Jack C. Montgomery. A Cherokee from Oklahoma, and a First Lieutenant with the 45th Infantry Division Thunderbirds. 

Citation: For conspicuous gallantry and intrepidity at risk of life above and beyond the call of duty on February 22, 1944, near Padiglione, Italy. Two hours before daybreak a strong force of enemy infantry established themselves in 3 echelons at 50 yards, 100 yards, and 300 yards, respectively, in front of the rifle platoons commanded by 1st Lt. Montgomery. The closest position, consisting of 4 machineguns and 1 mortar, threatened the immediate security of the platoon position. Seizing an M1 rifle and several hand grenades, 1st Lt. Montgomery crawled up a ditch to within hand grenade range of the enemy.

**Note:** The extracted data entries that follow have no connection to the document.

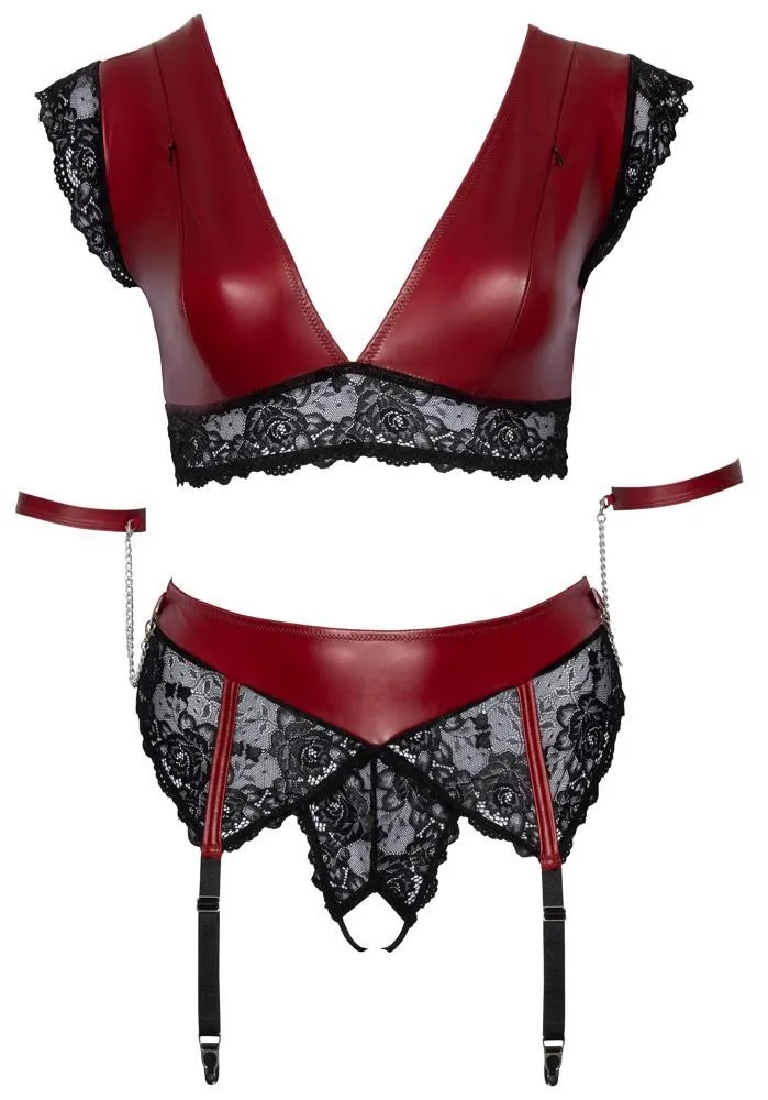 Bielizna erotyczna Cottelli BONDAGE PLUS to połączenie stylu i wyrafinowania w wyjątkowym zestawie, idealnym dla osób, które pragną dodać odrobinę zmysłowości do swojej garderoby. W skład kompletu wchodzi nisko wycięty bralette, regulowane stringi oraz dwa kajdanki na ręce, które razem tworzą idealny strój na wyjątkowe okazje. Wykonany z wysokiej jakości materiałów, zestaw dostępny jest w rozmiarze XL i wyróżnia się szlachetnym kolorem czerwonym, połączonym z delikatną czarną koronką oraz eleganckimi metalowymi detalami w kolorze srebrnym.
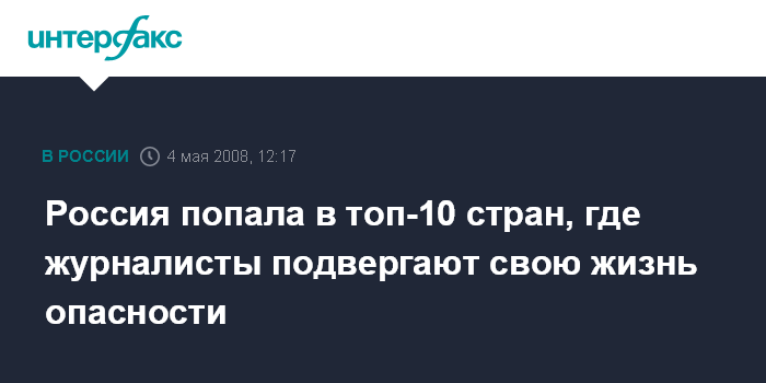 Нью-Йорк (ООН). 4 мая. INTERFAX.RU - Россия заняла девятое место в списке стран с наибольшим числом нераскрытых убийств работников СМИ, который был составлен Международным комитетом по защите журналистов.
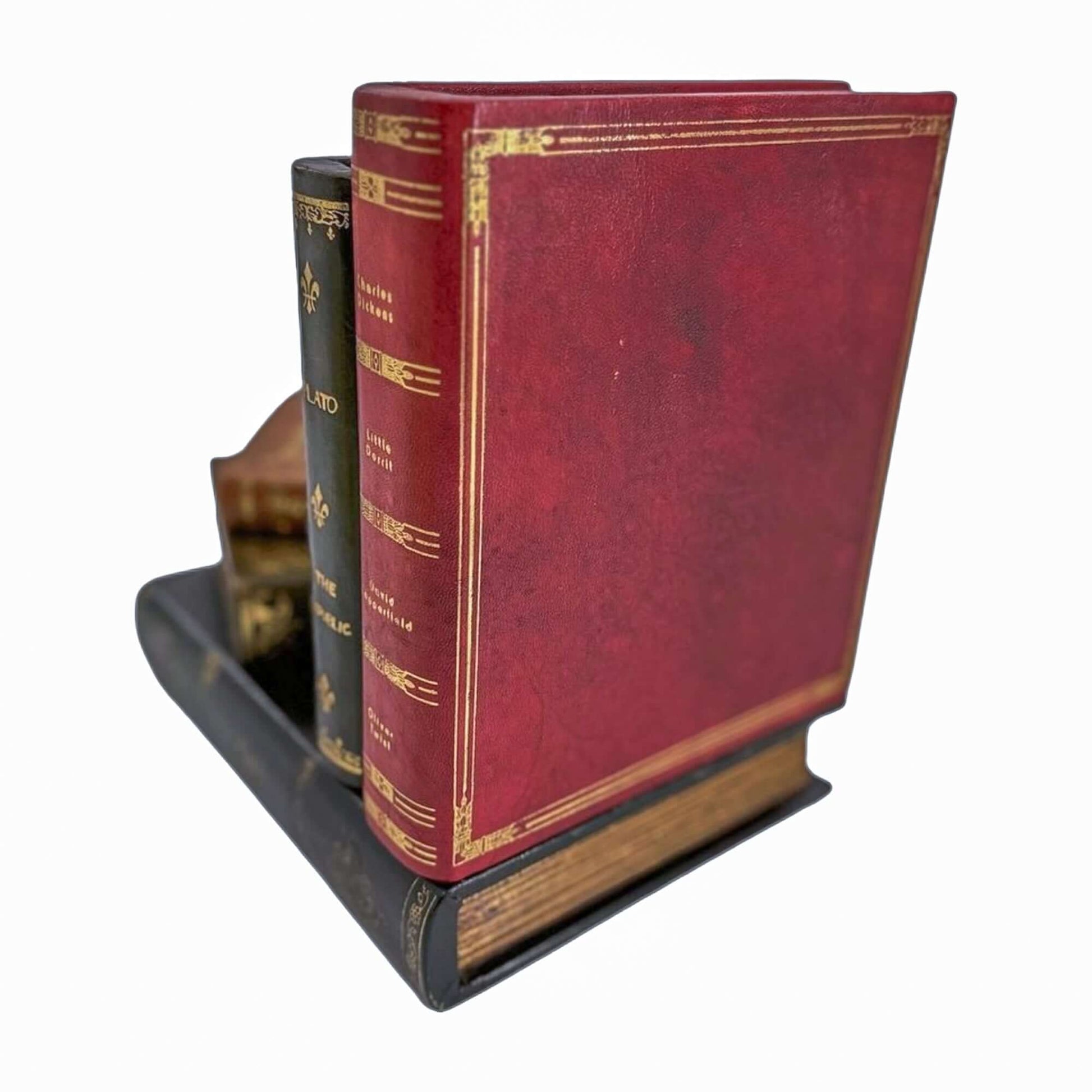 This charming sculptural piece captures the look of a well-loved stack of classic tomes—Plato, Dickens, Twain—rendered in richly textured finishes with gilt detailing. A clever nod to the literary, this decorative accent by John-Richard adds instant depth to bookshelves, consoles, or desks. Decorative only (not real books).
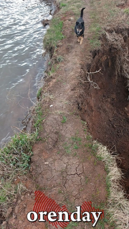 После паводка удерживающая пруд плотина оказалась в критическом состоянии – не сегодня-завтра, как отчетливо видно на фото, оставшийся грунтовый простенок обрушится, и вода ухнет из чаши… Возможно, на дома, на хозяйственные постройки и даже на кладбище.
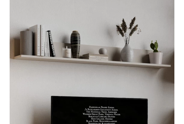 Police na stenu z radu Asko Living – nábytok v modernom minimalistickom štýle je nadčasový a zároveň plní svoj praktický účel. Polica s nástenným panelom má šírku 135 cm a je vyrobená vo farbe béžová kašmír.

Then climbing boldly onto a little mound, he fired his rifle and threw his grenades so accurately that he killed 8 of the enemy and captured the remaining 4. Returning to his platoon, he called for artillery fire on a house, in and around which he suspected that the majority of the enemy had entrenched themselves. Arming himself with a carbine, he proceeded along the shallow ditch, as withering fire from the riflemen and machinegunners in the second position was concentrated on him. He attacked this position with such fury that 7 of the enemy surrendered to him, and both machineguns were silenced. Three German dead were found in the vicinity later that morning. 1st Lt. Montgomery continued boldly toward the house, 300 yards from his platoon position. It was now daylight, and the enemy observation was excellent across the flat open terrain which led to 1st Lt. Montgomery's objective. When the artillery barrage had lifted, 1st Lt. Montgomery ran fearlessly toward the strongly defended position. As the enemy started streaming out of the house, 1st Lt. Montgomery, unafraid of treacherous snipers, exposed himself daringly to assemble the surrendering enemy and send them to the rear. His fearless, aggressive, and intrepid actions that morning, accounted for a total of 11 enemy dead, 32 prisoners, and an unknown number of wounded. That night, while aiding an adjacent unit to repulse a counterattack, he was struck by mortar fragments and seriously wounded. The selflessness and courage exhibited by 1st Lt. Montgomery in alone attacking 3 strong enemy positions inspired his men to a degree beyond estimation.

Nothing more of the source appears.